Records from a data source:
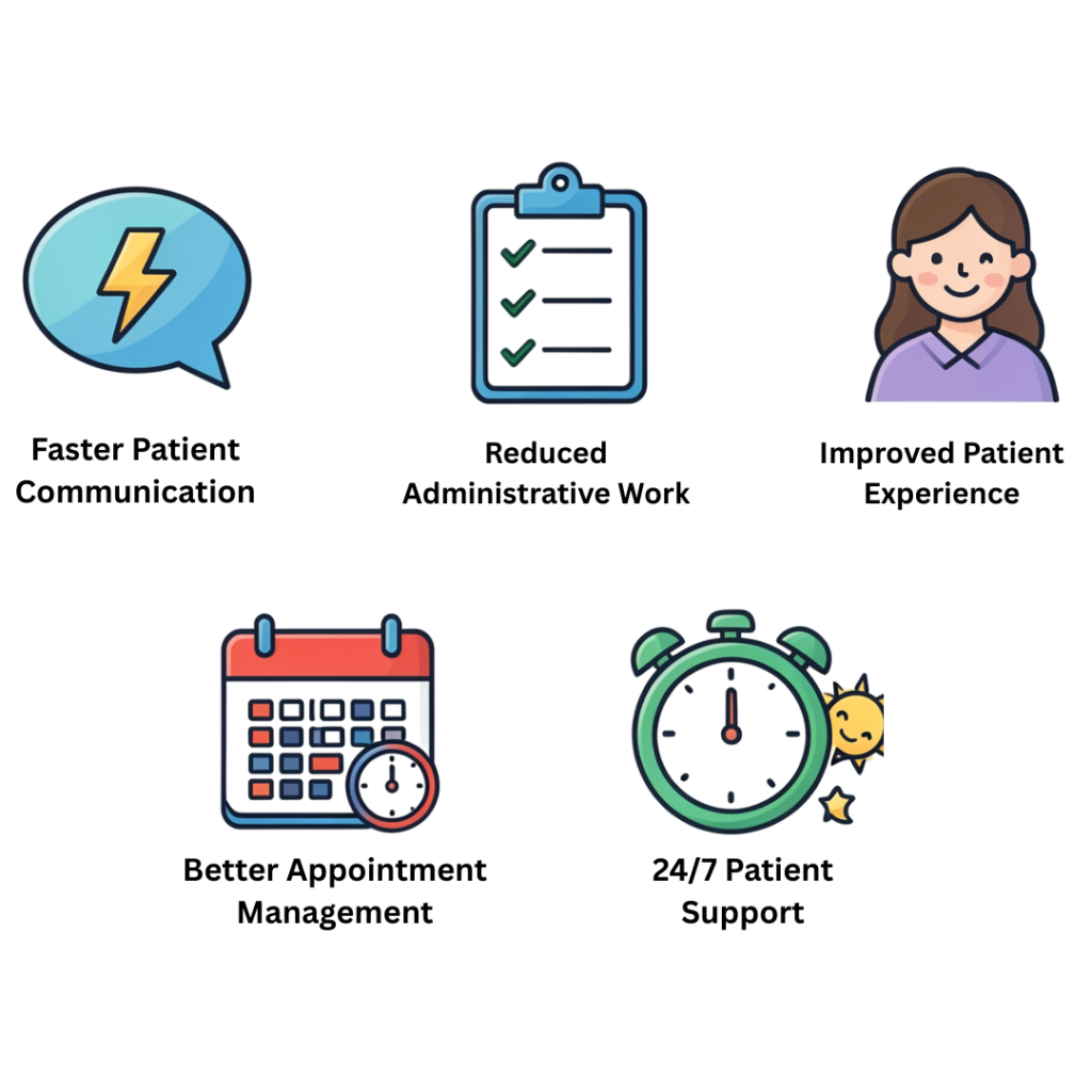 - 24/7 Patient Assistance: Patients can ask questions anytime and receive immediate responses from the chatbot without waiting.
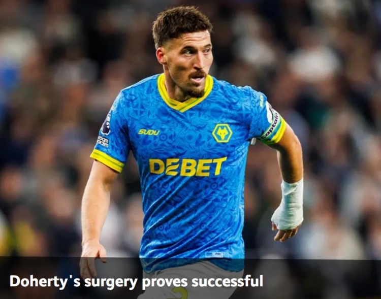 狼队官方:多赫蒂腕舟骨骨折手术成功,预计不会缺阵太长时间
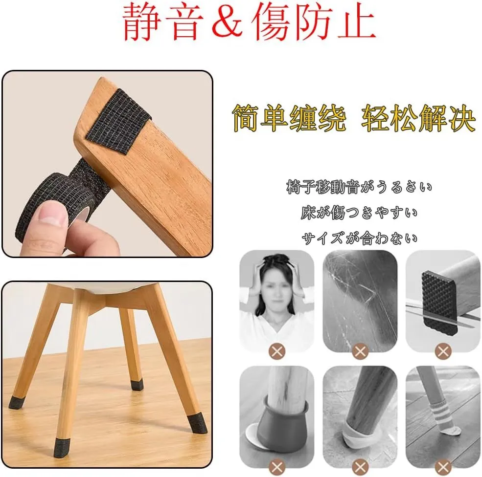 【簡単取り付けで床を保護】イス脚カバーは粘着剤不要で簡単に装着でき、使い終わった後も床をきれいなまま保てます。椅子やテーブル、スツールなど家具の脚に巻くだけで床の傷防止ができます
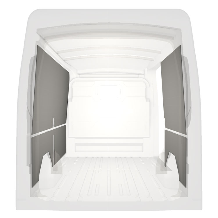 Leichte Innenverkleidung für die Innenwände eines Ford Transit mit Seitentür rechts. Die Verkleidungen schaffen ein helles und angenehmes Arbeitsumfeld und sind leicht zu reinigen.
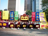 Le matin du 1er janvier 2008, les pratiquants de Falun Dafa de différents pays, et les pratiquants de Hong Kong qui avaient assisté à la Conférence de partage d'expériences de Falun Dafa de Honk-Kong-Région Asie-Pacifique, ont participé à une activité de quatre jours. Ils se sont rassemblés à Charter Garden pour souhaiter respectueusement une Heureuse Nouvelle année au Grand Maître compatissant. -

WHAT IS BEING ASKED:
Where pictures appear, omit them, and transcribe exactly, with nothing else, the lines from the line with "狼队官方:多赫蒂腕舟骨骨折手术成功,预计不会缺阵太长时间" through the final line of the records above, both ends included.

TASK SOLUTION:
 狼队官方:多赫蒂腕舟骨骨折手术成功,预计不会缺阵太长时间
 【簡単取り付けで床を保護】イス脚カバーは粘着剤不要で簡単に装着でき、使い終わった後も床をきれいなまま保てます。椅子やテーブル、スツールなど家具の脚に巻くだけで床の傷防止ができます
 Leichte Innenverkleidung für die Innenwände eines Ford Transit mit Seitentür rechts. Die Verkleidungen schaffen ein helles und angenehmes Arbeitsumfeld und sind leicht zu reinigen.
 Le matin du 1er janvier 2008, les pratiquants de Falun Dafa de différents pays, et les pratiquants de Hong Kong qui avaient assisté à la Conférence de partage d'expériences de Falun Dafa de Honk-Kong-Région Asie-Pacifique, ont participé à une activité de quatre jours. Ils se sont rassemblés à Charter Garden pour souhaiter respectueusement une Heureuse Nouvelle année au Grand Maître compatissant. -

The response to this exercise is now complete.